WHAT TO DO:
Starting from the line with "Dolny Śląsk stał", please copy exactly every line to the end of the listing, but not the pictures.

EXERCISE INPUT:
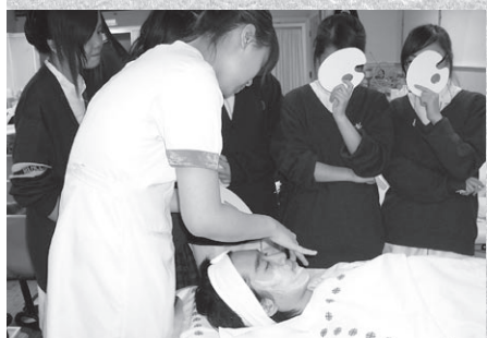
開辦應用學習及特色課程
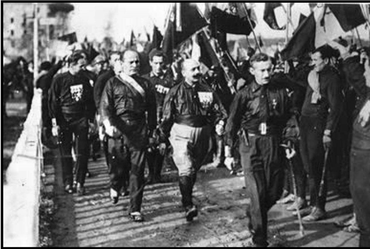
Муссолини и чернорубашечники во время Марша на Рим в 1922 году

На путь решительной борьбы против фашизма встала оформившаяся в январе 1921 г. коммунистическая партия Италии. В них вступали антифашисты независимо от классовой и политической принадлежности. Однако эта зародышевая форма единого антифашистского фронта не привела к единству даже в рабочем движении.
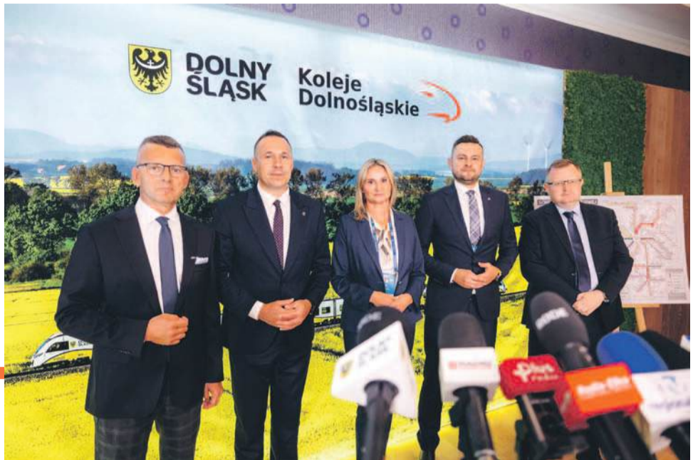
Podczas konferencji prasowej poznaliśmy szczegóły nowej oferty samorządowego przewoźnika

Dolny Śląsk stał się w ostatnich latach centrum prawdziwej kolejowej rewolucji. Stało się tak za sprawą samorządowego programu rewitalizacji nieczynnych linii oraz prężnemu rozwojowi spółki Koleje Dolnośląskie, która bije rekordy popularności i stała się liderem regionalnych przewozów pasażerskich w Polsce. Podczas konferencji prasowej zaprezentowano nowe kierunki, na których będziemy mogli zobaczyć pociągi samorządowego przewoźnika.
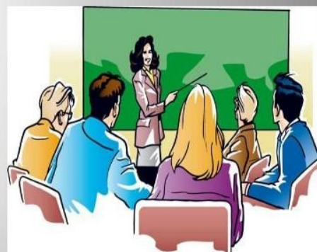
Рисунок 2 — Формы взаимодействия семьи и школы в воспитательном процессе
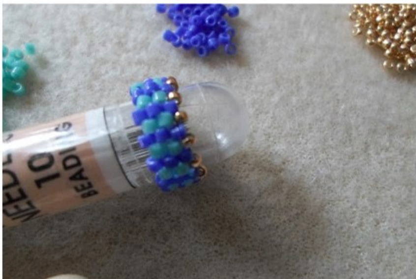
5. 15/o kása 14 db

ANSWER AREA:
Dolny Śląsk stał się w ostatnich latach centrum prawdziwej kolejowej rewolucji. Stało się tak za sprawą samorządowego programu rewitalizacji nieczynnych linii oraz prężnemu rozwojowi spółki Koleje Dolnośląskie, która bije rekordy popularności i stała się liderem regionalnych przewozów pasażerskich w Polsce. Podczas konferencji prasowej zaprezentowano nowe kierunki, na których będziemy mogli zobaczyć pociągi samorządowego przewoźnika.
Рисунок 2 — Формы взаимодействия семьи и школы в воспитательном процессе
5. 15/o kása 14 db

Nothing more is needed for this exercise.